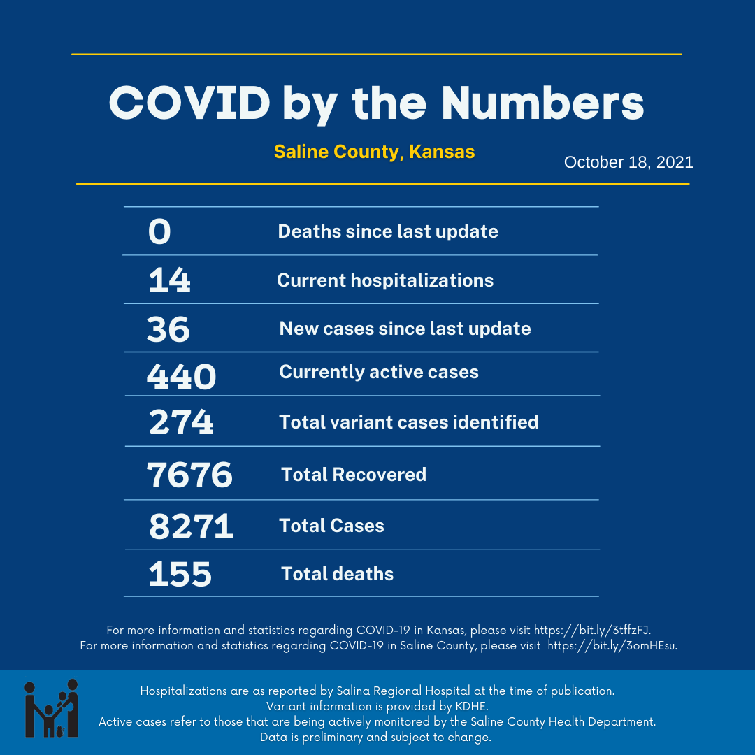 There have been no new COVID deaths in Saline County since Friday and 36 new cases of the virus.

***

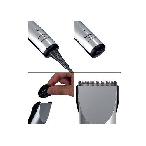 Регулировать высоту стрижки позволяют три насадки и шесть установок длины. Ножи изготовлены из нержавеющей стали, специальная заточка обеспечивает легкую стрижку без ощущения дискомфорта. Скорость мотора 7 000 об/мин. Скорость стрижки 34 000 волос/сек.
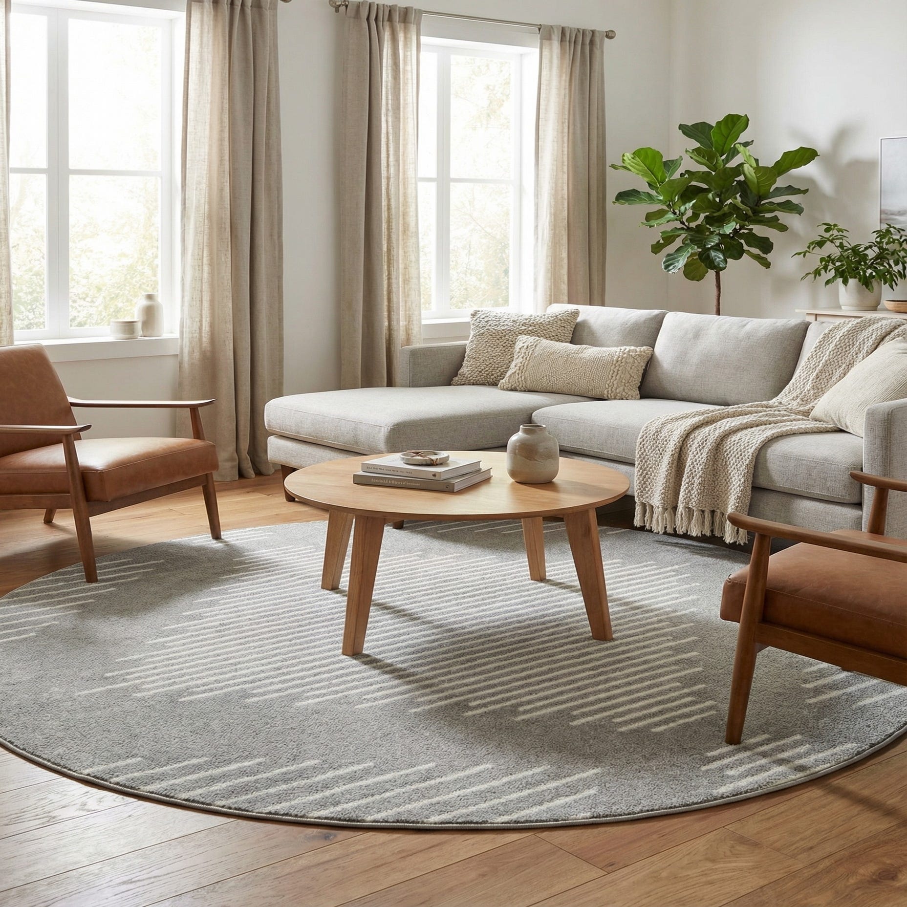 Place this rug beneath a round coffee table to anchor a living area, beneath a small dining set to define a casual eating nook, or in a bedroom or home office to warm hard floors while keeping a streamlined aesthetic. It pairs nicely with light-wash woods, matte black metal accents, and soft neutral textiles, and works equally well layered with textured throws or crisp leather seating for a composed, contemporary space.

***

Try it: Leaving every picture aside, reproduce exactly the lines above from the one with "Регулировать высоту стрижки" up to and including the one with "Place this rug", and no others.

Your response:
 Регулировать высоту стрижки позволяют три насадки и шесть установок длины. Ножи изготовлены из нержавеющей стали, специальная заточка обеспечивает легкую стрижку без ощущения дискомфорта. Скорость мотора 7 000 об/мин. Скорость стрижки 34 000 волос/сек.
 Place this rug beneath a round coffee table to anchor a living area, beneath a small dining set to define a casual eating nook, or in a bedroom or home office to warm hard floors while keeping a streamlined aesthetic. It pairs nicely with light-wash woods, matte black metal accents, and soft neutral textiles, and works equally well layered with textured throws or crisp leather seating for a composed, contemporary space.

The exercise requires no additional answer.